La principal paradoja es que una de las
razones por las que se cree que la corrupción afecta derechos básicos de
las personas es que las priva de mejoras que sus gobiernos deberían
realizar en áreas como salud, educación o transporte con el dinero
desviado en coimas. Sin embargo, hasta el momento, los discursos
anticorrupción no lograron traducirse en una economía más eficiente.
La espectacularización de la corrupción
ocupa el rol protagónico en la construcción de posverdad,
retroalimentándose de indicios que, sin ser necesariamente verificados,
ganan validez en los imaginarios, moviéndose en el mundo de las
apariencias, de las emociones y las pasiones. El veredicto es dado por
los mismos periodistas que no esperan los tiempos judiciales, sino que
actúan con total parcialidad, convirtiéndose en jueces con capacidad de
sanción –al menos simbólicamente–: juzgan a distintos personajes frente a
la opinión pública.
Sin duda su herramienta más novedosa es
la judicialización de la política, la cual altera las reglas de juego,
aun a costa de debilitar los límites del debido proceso. Si bien el
discurso de la corrupción se apoya en los índices de distintas
organizaciones, las modalidades de la justicia latinoamericana violan
cualquier protocolo del ongeísmo internacional. La discrecionalidad de
los poderes judiciales del hemisferio sur los lleva a evitar aplicar
condenas a ciertos representantes del poder político o económico, en
parte, gracias a recursos legales como la figura del ‘arrepentido’ o de
la ‘delación premiada’. Estos hechos también son de público conocimiento
y teatralizan la impunidad, desvaneciendo todo rastro de ilusión
republicana en la ciudadanía.
Ante la representación pornográfica de
la corrupción sólo emerge la despolitización, que, en definitiva,
termina erosionando no a un Gobierno sino al consenso en torno a la
democracia para redundar en una mayor apatía. Si bien la corrupción
podría haber servido de mito refundacional capaz de investir de valores
al neoliberalismo latinoamericano, no se trata de una receta infalible
dado que, como se ha visto en México, puede favorecer a candidatos que
se presentan como una alternativa progresista, o contribuir a la
construcción de la imagen heroica del líder que enfrenta el martirio,
como en el caso de Brasil.
III
Los escándalos vinculados a la
corrupción erosionan a la política, al sistema de partidos y a los
partidos que tienen entre sus filas funcionarios corruptos.

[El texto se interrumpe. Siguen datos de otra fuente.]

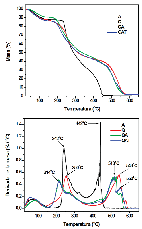 En el análisis termogravimétrico de las películas de QA y QAT, la descomposición se presenta en tres etapas (Figura 2). La primera descomposición corresponde a la liberación del agua libre (5.5 a 10 %) o humedad (> 100 °C), la incorporación de aceite de tomillo no afecta la evaporación del agua. La segunda descomposición se presenta con una inflexión más prolongada, que corresponde a la descomposición de los biopolímeros en el intervalo de 185 - 310 °C y una tercera y última descomposición, entre 395 - 585 °C. Esto coincide con Balau et al. (2004) reportan que las PC de Q se descomponen en 2 etapas, la primera inicia a 180°C y termina cerca de 300 °C, con un máximo descomposición de alrededor de los 255 °C. Esta descomposición se atribuye a un proceso que incluye la deshidratación, depolimerización y descomposición de las unidades acetiladas y desacetiladas de los polímeros. La última descomposición inicia a los 540 °C y probablemente se deba a los procesos termo-oxidativos (Balau et al., 2004). Kanmani y Rhim (2014) reportaron que las películas de A mostraron un segundo pico de degradación menos prolongado entre 220 - 250 °C. Además, se han reportado tres etapas en la degradación térmica del agar. Estas etapas de degradación térmica se observan a 90, 250 y 325 °C. La primera degradación fue principalmente atribuida a la evaporación del remanente de agua. La segunda y tercera etapa es la degradación que puede ser debida a la descomposición del glicerol (plastificante) y del biopolímero de agar, respectivamente (Rhim et al., 2006). Similarmente, Campa-Siqueiros et al. (2020) reportó la descomposición térmica de PC basadas en A, la cual presenta una primera descomposición térmica alrededor de los 260 °C y una segunda a 452 °C. Altiok et al. (2010) mencionan que la primera descomposición corresponde al efecto endotérmico atribuida a la evaporación de los solventes (ácido acético, etanol, agua) usada en la preparación de PC de Q. Mientras el efecto exotérmico ocurre a alta temperatura, la cual es atribuida a la descomposición del polímero. Si bien, el A y el Q tienen temperaturas de descomposición diferentes en las dos etapas, es importante señalar que los termogramas de las PC de Q, QA y QAT, estos fueron muy similares. Lo anterior, nos permite aseverar que los componentes tienen una buena miscibilidad, ya la temperatura de descomposición se encuentra entre sus componentes puros (Q y A).

En momentos
electorales o pre electorales los hechos de corrupción han dinamitado
trayectorias partidarias o han provocado la caída de algunos puntos de
algunos candidatos.
La corrupción política es una práctica
de recaudación y construcción de poder pero también entraña una gran
debilidad y desgaste cuando se introduce en el escenario público y
mediático. Se ha transformado en un lenguaje de la construcción de
poder, como un lenguaje en las campañas electorales y en los debates,
que tiene poder performativo. Construye sospechas, reorienta las
atenciones y reconfigura las expectativas. En un mundo frágil, sometido a
la incertidumbre y con grandes crisis económicas, la noticia de
corrupción se incorpora a la vida cotidiana como un fracaso del universo
político, como un desengaño y como una ruptura de esa expectativa que
los ciudadanos y ciudadanas colocan en sus representantes. La corrupción
se introduce en un vínculo representativo sospechado, asediado y
convulsionado por electores volátiles que ponen más atención a sus vidas
cotidianas que al espacio público. La política se presenta a estos
individuos como ese ‘servicio’ que falló. Cada acto de corrupción
conocido funciona como un “estado fallido” (micro) y va minando
expectativas individuales, que en determinadas coyunturas sus reclamos
son orientados por diversos partidos.
En América Latina han surgido partidos
anti corrupción, regeneracionistas y otros que han incorporado como un
eje clave el combate de la corrupción. Han interpelado flujos subjetivos
que son parte del proceso de individuación posmoderno, por los que
cualquier acto de corrupción desde el Estado o desde los partidos
reactualiza imaginarios y culturas políticas relevantes en nuestro
continente, como las liberales. La corrupción gubernamental es percibida
en su capacidad de daño al individuo, de robo o de ruptura de
confianza.
Los partidos están ante grandes dilemas
en esta época posmoderna: por un lado, dotar de confianza a la política
y, por otro, nutrirse de referencias simbólicas para que los individuos
se acerquen todo lo posible a las propuestas partidarias. Si la
corrupción prospera esos dilemas se expresarán en catástrofes
vinculares, por lo que ni las izquierdas ni las derechas, ninguna, está a
salvo de la posmodernidad.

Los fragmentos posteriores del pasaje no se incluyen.